#### Activity:
Repeat exactly the stretch of lines that starts with the one containing "Analogamente alla funzionalità" and ends with the last line of the material. Leave out pictures.

#### Dataset content:
----------------
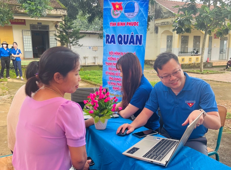 Với khẩu hiệu “Tuổi trẻ Bình Phước tiên phong chuyển đổi số”, Đội hình tri thức trẻ tình nguyện đã triển khai các hoạt động như: Hướng dẫn cách khai thác internet, mạng xã hội Zalo, Facebook an toàn, hiệu quả; hướng dẫn cài đặt ứng dụng VNeID, VssID, truy cập Cổng dịch vụ công quốc gia, app Bình Phước Today, cách tạo tài khoản trên Cổng dịch vụ công của tỉnh… cho hơn 150 lượt thanh thiếu nhi, người dân trên địa bàn xã Thọ Sơn, huyện Bù Đăng.
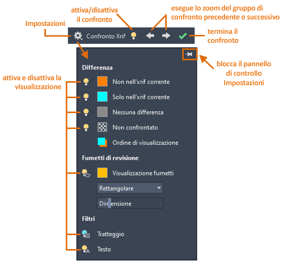 Analogamente alla funzionalità di confronto dei disegni, è ora possibile confrontare le modifiche apportate ad un file di disegno associato come riferimento esterno (xrif) nel disegno corrente.
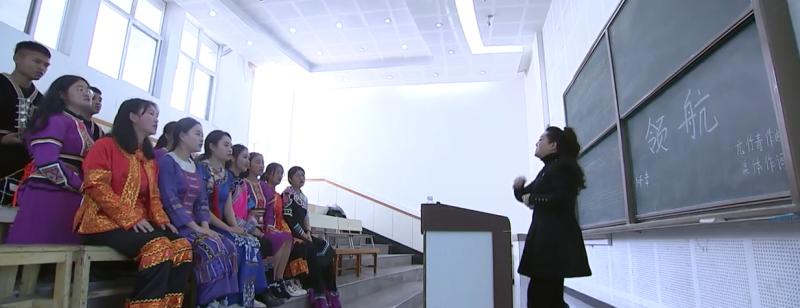 在红河学院音乐舞蹈学院的教室里,讲师张艺正在教授学生们演唱《领航》,并叮嘱大家要注意演唱时的情感,要反复练习,力求唱到最好。“我们伟大的党,带领亿万中华儿女乘风破浪、扬帆起航,阔步走在新时代的征程上。这首充满力量的歌曲,让我们时刻铭记‘永远跟党走’,激励我们在今后学习工作中勇往直前。”张艺激动地说。
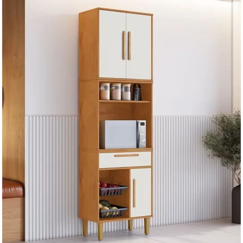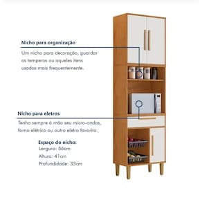Se você quer mais praticidade e organização na cozinha, nosso paneleiro com nicho para micro-ondas ou forno e fruteira é a sua escolha perfeita! Ele tem espaço de sobra para guardar suas panelas, organizar as frutas e ainda deixar seus objetos no lugar certo, sem bagunça. E o melhor? As cores clean combinam com qualquer decoração, trazendo um toque moderno e sofisticado para o ambiente. Funcional, bonito e super versátil, sua cozinha merece esse upgrade!
----------------
#### Reply to the exercise:
 Analogamente alla funzionalità di confronto dei disegni, è ora possibile confrontare le modifiche apportate ad un file di disegno associato come riferimento esterno (xrif) nel disegno corrente.
 在红河学院音乐舞蹈学院的教室里,讲师张艺正在教授学生们演唱《领航》,并叮嘱大家要注意演唱时的情感,要反复练习,力求唱到最好。“我们伟大的党,带领亿万中华儿女乘风破浪、扬帆起航,阔步走在新时代的征程上。这首充满力量的歌曲,让我们时刻铭记‘永远跟党走’,激励我们在今后学习工作中勇往直前。”张艺激动地说。
Se você quer mais praticidade e organização na cozinha, nosso paneleiro com nicho para micro-ondas ou forno e fruteira é a sua escolha perfeita! Ele tem espaço de sobra para guardar suas panelas, organizar as frutas e ainda deixar seus objetos no lugar certo, sem bagunça. E o melhor? As cores clean combinam com qualquer decoração, trazendo um toque moderno e sofisticado para o ambiente. Funcional, bonito e super versátil, sua cozinha merece esse upgrade!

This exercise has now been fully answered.